- _YOUR TASK_: Every line from the one holding "Transmission functions of" through the one holding "Ināra Stepe (pr." in the data below must be returned exactly, both ends included, with pictures left out and nothing else added.

DATA RECORDS below:

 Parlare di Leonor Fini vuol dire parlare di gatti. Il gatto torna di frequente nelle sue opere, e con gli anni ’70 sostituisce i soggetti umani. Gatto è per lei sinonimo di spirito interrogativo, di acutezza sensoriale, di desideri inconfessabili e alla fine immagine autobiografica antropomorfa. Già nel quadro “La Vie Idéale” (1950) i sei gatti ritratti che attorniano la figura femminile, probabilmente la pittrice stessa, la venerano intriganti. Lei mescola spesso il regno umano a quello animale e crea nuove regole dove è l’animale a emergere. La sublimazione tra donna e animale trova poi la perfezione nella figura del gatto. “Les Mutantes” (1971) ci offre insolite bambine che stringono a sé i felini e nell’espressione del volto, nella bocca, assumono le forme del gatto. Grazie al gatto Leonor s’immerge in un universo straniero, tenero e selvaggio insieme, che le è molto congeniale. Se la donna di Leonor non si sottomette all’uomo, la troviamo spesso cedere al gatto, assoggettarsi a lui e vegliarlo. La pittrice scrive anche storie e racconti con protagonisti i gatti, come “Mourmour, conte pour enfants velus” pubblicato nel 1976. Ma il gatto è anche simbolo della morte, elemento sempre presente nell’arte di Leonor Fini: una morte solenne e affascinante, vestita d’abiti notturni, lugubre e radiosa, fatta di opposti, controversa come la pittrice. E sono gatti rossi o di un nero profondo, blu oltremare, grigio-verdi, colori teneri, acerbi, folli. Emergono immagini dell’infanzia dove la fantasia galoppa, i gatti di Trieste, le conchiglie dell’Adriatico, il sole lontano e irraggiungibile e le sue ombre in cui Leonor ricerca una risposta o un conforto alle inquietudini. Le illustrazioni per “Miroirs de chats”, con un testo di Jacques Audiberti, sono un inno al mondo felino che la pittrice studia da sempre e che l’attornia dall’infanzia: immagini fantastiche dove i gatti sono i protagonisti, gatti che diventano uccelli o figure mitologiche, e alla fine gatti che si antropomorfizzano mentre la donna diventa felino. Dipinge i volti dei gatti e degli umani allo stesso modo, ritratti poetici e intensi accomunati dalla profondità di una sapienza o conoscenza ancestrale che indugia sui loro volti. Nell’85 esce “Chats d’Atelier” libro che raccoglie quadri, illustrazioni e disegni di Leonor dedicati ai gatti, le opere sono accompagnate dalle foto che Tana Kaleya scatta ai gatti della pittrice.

End of DATA RECORDS.
DATA RECORDS below:

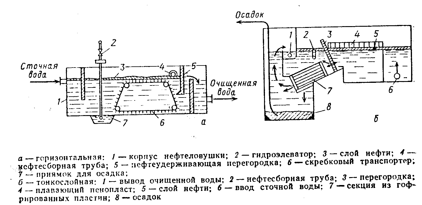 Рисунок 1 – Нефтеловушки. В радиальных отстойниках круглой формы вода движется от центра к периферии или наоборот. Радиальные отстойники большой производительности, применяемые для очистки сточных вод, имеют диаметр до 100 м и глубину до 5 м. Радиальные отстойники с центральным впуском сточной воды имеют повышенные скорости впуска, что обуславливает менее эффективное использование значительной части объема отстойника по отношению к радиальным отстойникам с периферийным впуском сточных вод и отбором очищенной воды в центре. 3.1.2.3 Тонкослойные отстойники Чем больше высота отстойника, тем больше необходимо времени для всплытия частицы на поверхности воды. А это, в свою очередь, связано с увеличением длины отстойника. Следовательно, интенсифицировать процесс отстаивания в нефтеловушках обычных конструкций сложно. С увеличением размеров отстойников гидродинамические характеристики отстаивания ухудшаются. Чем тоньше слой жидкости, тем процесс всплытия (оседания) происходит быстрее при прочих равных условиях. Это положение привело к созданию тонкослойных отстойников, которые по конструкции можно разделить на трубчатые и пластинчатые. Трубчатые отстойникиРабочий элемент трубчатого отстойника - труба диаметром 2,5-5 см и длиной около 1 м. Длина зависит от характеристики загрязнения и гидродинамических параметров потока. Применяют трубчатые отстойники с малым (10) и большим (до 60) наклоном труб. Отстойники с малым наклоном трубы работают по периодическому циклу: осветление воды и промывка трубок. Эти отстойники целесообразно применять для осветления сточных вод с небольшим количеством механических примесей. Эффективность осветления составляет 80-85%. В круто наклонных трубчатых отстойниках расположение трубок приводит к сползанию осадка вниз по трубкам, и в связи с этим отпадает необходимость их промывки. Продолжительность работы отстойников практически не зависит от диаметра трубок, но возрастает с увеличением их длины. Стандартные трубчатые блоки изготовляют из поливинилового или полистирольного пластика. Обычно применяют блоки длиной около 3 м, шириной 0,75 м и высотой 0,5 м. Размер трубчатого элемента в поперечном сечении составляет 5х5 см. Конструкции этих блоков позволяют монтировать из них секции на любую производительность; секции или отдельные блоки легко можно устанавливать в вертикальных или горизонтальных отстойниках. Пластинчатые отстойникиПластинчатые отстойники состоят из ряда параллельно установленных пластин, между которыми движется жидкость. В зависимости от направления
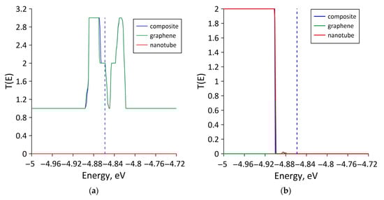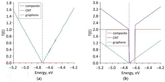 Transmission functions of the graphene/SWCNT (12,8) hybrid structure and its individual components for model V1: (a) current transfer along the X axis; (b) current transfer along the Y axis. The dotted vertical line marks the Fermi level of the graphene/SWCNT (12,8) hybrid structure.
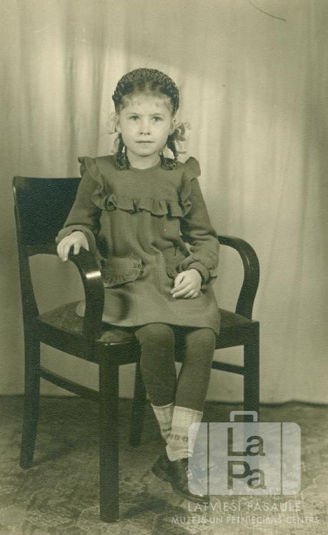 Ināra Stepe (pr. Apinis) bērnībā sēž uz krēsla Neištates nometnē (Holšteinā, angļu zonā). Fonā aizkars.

End of DATA RECORDS.

- _RESULT OF THE EXERCISE_:
 Transmission functions of the graphene/SWCNT (12,8) hybrid structure and its individual components for model V1: (a) current transfer along the X axis; (b) current transfer along the Y axis. The dotted vertical line marks the Fermi level of the graphene/SWCNT (12,8) hybrid structure.
 Ināra Stepe (pr. Apinis) bērnībā sēž uz krēsla Neištates nometnē (Holšteinā, angļu zonā). Fonā aizkars.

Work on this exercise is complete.